Professor of International Relations Oliver Stuenkel of the Fundação Getúlio Vargas ponders [pt] what scenario the future will bring:

O número crescente de pessoas do exterior em busca de emprego mudará a forma como o Brasil se relaciona com estrangeiros. Visitantes do exterior são bem quistos no Brasil, pois são poucos, ricos e não costumam ficar por muito tempo. No futuro, os imigrantes virão em maiores números, serão relativamente pobres, e terão a intenção de se instalar no Brasil. […] Embora possa levar décadas para que imigração ao Brasil chegue às proporções conhecidas na Europa, resta a ver quão bem o Brasil lidaria com uma nova onda de imigração, e os desafios que a acompanham.

The rising number of people from abroad looking for work will change the way in which Brazil relates to foreigners. Visitors from abroad are well-loved in Brazil, as they are few in number, rich and do not usually stay for long.
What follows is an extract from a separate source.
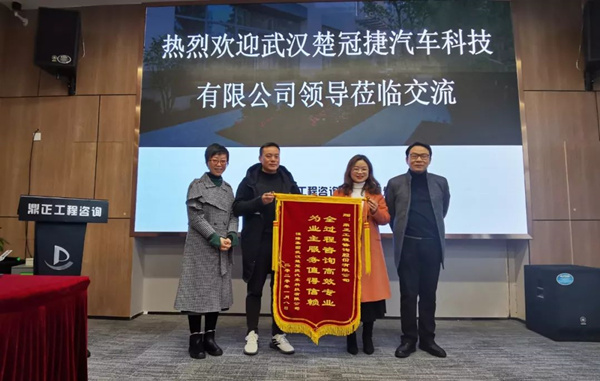 2020年1月14日,武漢楚冠捷汽車科技有限公司龔經(jīng)理、朱主任蒞臨鼎正咨詢公司,特向?yàn)槠涠趶S房建設(shè)項(xiàng)目提供全過程工程咨詢服務(wù)的鼎正咨詢團(tuán)隊(duì)及項(xiàng)目負(fù)責(zé)人程正一贈(zèng)送錦旗并表達(dá)感謝

In the future, immigrants will come in greater numbers, they will be relatively poor, and they will intend to settle in Brazil. […] Although it may take several decades for immigration to Brazil to reach levels seen in Europe, it remains to be seen how well Brazil will manage a new wave of immigration, and the accompanying challenges.

One possible scenario is that Brazil will replicate the same erroneous policies which prompted those 3 million Brazilians to emigrate: concentrating income in the hands of sections of society which are uncommitted to social justice. Another scenario is that the country will have learnt the lesson of the “years of lead” [the most repressive period of the military dictatorship in Brazil, from 1968 to 1974] and will pay attention to the debt which it owes both to those Brazilians who have emigrated and to those who remain in Brazil, above all with regards to access to education, and consequently, the right to decent work.